# TASK DATA
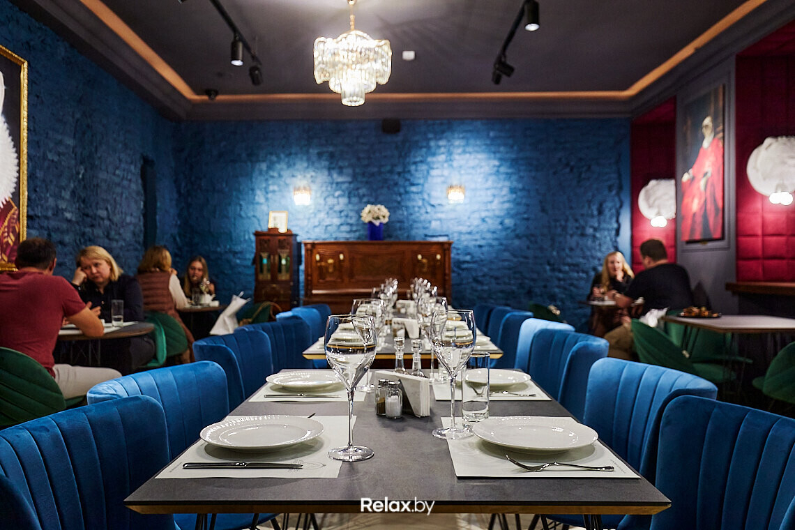 В интерьере — абсолютная эклектика, созданная с помощью дизайнера Юрия Алехно. Получилась этакая гостиная Коко: современная, но аристократичная. Классическая, но в то же время авангардная. Особый шарм пространству добавляют раритетные предметы: пианино 1893 года, уникальный беструбный граммофон, старинные весы и панно со штопорами в барной зоне.
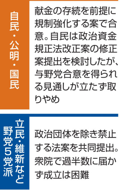 自民は、献金の透明性向上を目的とした規正法改正案を既に単独で国会提出。公明、国民民主の協力を得られれば衆院で過半数に達するため3党の合意事項を盛り込んだ修正案提出を検討していた。
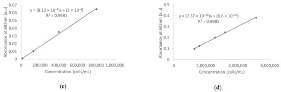 Similar to measurements in D.I. water, the absorbance spectra of all concentration ranges of M. aeruginosa CPCC 299 resulted in peaks at 445 nm, 620 nm, and 682 nm (Figure 4). The sharpest peaks were observed at 682 nm; however, peaks were not readily identified at concentrations < 401,875 cells/mL. The absorbance spectra of low and medium concentrations are illustrated in Figure 4a,b, respectively. Analysis at 682 nm revealed a linear trend and strong correlation between absorbance and concentration at all concentration ranges (R2 = 0.9994 at low concentrations; R2 = 0.9993 at medium concentrations; R2 = 0.9980 at high concentrations). The standard calibration curve of low and medium concentrations is illustrated in Figure 4c,d, respectively. The detection limit in surface water was poorer than in deionized water (i.e., 392,982 cells/mL in surface water compared to 338,950 cells/mL in D.I.), a response which was expected due to interferences from impurities.
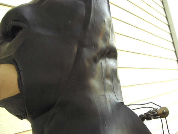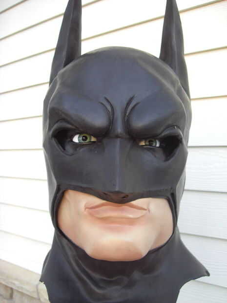 Necesitaba una cara con una mandíbula fuerte, así que compré la máscara de Superman de los niños por $20, había pintada de negro alrededor de los ojos y llena los zócalos del ojo con los ojos de acrílico para $10. Un marco esquelético de pvc (imaginar una figura de palo) lo mantiene en su lugar encima de una caja de madera personalizada que albergaba un motor oscilante de una lámpara rota dj. Lo hice para que la cabeza podría pivotar en el cuello y enganchado hasta el motor de la base con algunos cables sobre algunas poleas viejo (que sobra después de ser cortado fuera de los paraguas del patio para hacer la pantalla de mi UFO el año anterior).
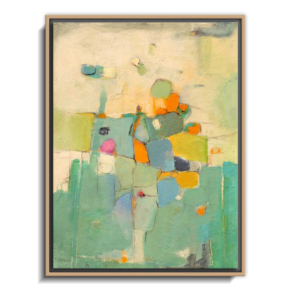 The canvas is wrapped and stretched similar to a gallery wrap and then mounted inside a wooden frame, leaving a small "gap", to create the illusion that the canvas is floating within the frame.
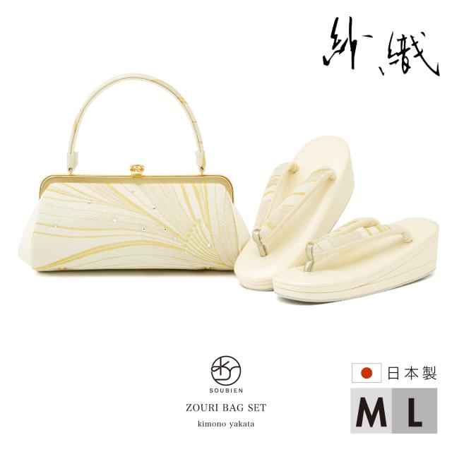 草履バッグセット レディース 礼装 留袖 訪問着 振袖 袴 ゴールド 金色 ホワイト 白 正絹 西陣織 フォーマル 紗織 Mサイズ Lサイズ 日本製 送料無料
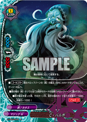 - "Charismagic" When this card enters the field, return two monsters with different name from your drop zone face down, shuffle them, your opponent picks a card at random from among them, and you call a monster that your opponent choose by paying its [Call Cost]. "Charismagic" only activates once per turn. (Return the rest to your drop zone.)

# ABOUT THIS EXERCISE
I need the entries printed exactly, with each picture left out.

# WORKED SOLUTION
 В интерьере — абсолютная эклектика, созданная с помощью дизайнера Юрия Алехно. Получилась этакая гостиная Коко: современная, но аристократичная. Классическая, но в то же время авангардная. Особый шарм пространству добавляют раритетные предметы: пианино 1893 года, уникальный беструбный граммофон, старинные весы и панно со штопорами в барной зоне.
 自民は、献金の透明性向上を目的とした規正法改正案を既に単独で国会提出。公明、国民民主の協力を得られれば衆院で過半数に達するため3党の合意事項を盛り込んだ修正案提出を検討していた。
 Similar to measurements in D.I. water, the absorbance spectra of all concentration ranges of M. aeruginosa CPCC 299 resulted in peaks at 445 nm, 620 nm, and 682 nm (Figure 4). The sharpest peaks were observed at 682 nm; however, peaks were not readily identified at concentrations < 401,875 cells/mL. The absorbance spectra of low and medium concentrations are illustrated in Figure 4a,b, respectively. Analysis at 682 nm revealed a linear trend and strong correlation between absorbance and concentration at all concentration ranges (R2 = 0.9994 at low concentrations; R2 = 0.9993 at medium concentrations; R2 = 0.9980 at high concentrations). The standard calibration curve of low and medium concentrations is illustrated in Figure 4c,d, respectively. The detection limit in surface water was poorer than in deionized water (i.e., 392,982 cells/mL in surface water compared to 338,950 cells/mL in D.I.), a response which was expected due to interferences from impurities.
 Necesitaba una cara con una mandíbula fuerte, así que compré la máscara de Superman de los niños por $20, había pintada de negro alrededor de los ojos y llena los zócalos del ojo con los ojos de acrílico para $10. Un marco esquelético de pvc (imaginar una figura de palo) lo mantiene en su lugar encima de una caja de madera personalizada que albergaba un motor oscilante de una lámpara rota dj. Lo hice para que la cabeza podría pivotar en el cuello y enganchado hasta el motor de la base con algunos cables sobre algunas poleas viejo (que sobra después de ser cortado fuera de los paraguas del patio para hacer la pantalla de mi UFO el año anterior).
 The canvas is wrapped and stretched similar to a gallery wrap and then mounted inside a wooden frame, leaving a small "gap", to create the illusion that the canvas is floating within the frame.
 草履バッグセット レディース 礼装 留袖 訪問着 振袖 袴 ゴールド 金色 ホワイト 白 正絹 西陣織 フォーマル 紗織 Mサイズ Lサイズ 日本製 送料無料
 - "Charismagic" When this card enters the field, return two monsters with different name from your drop zone face down, shuffle them, your opponent picks a card at random from among them, and you call a monster that your opponent choose by paying its [Call Cost]. "Charismagic" only activates once per turn. (Return the rest to your drop zone.)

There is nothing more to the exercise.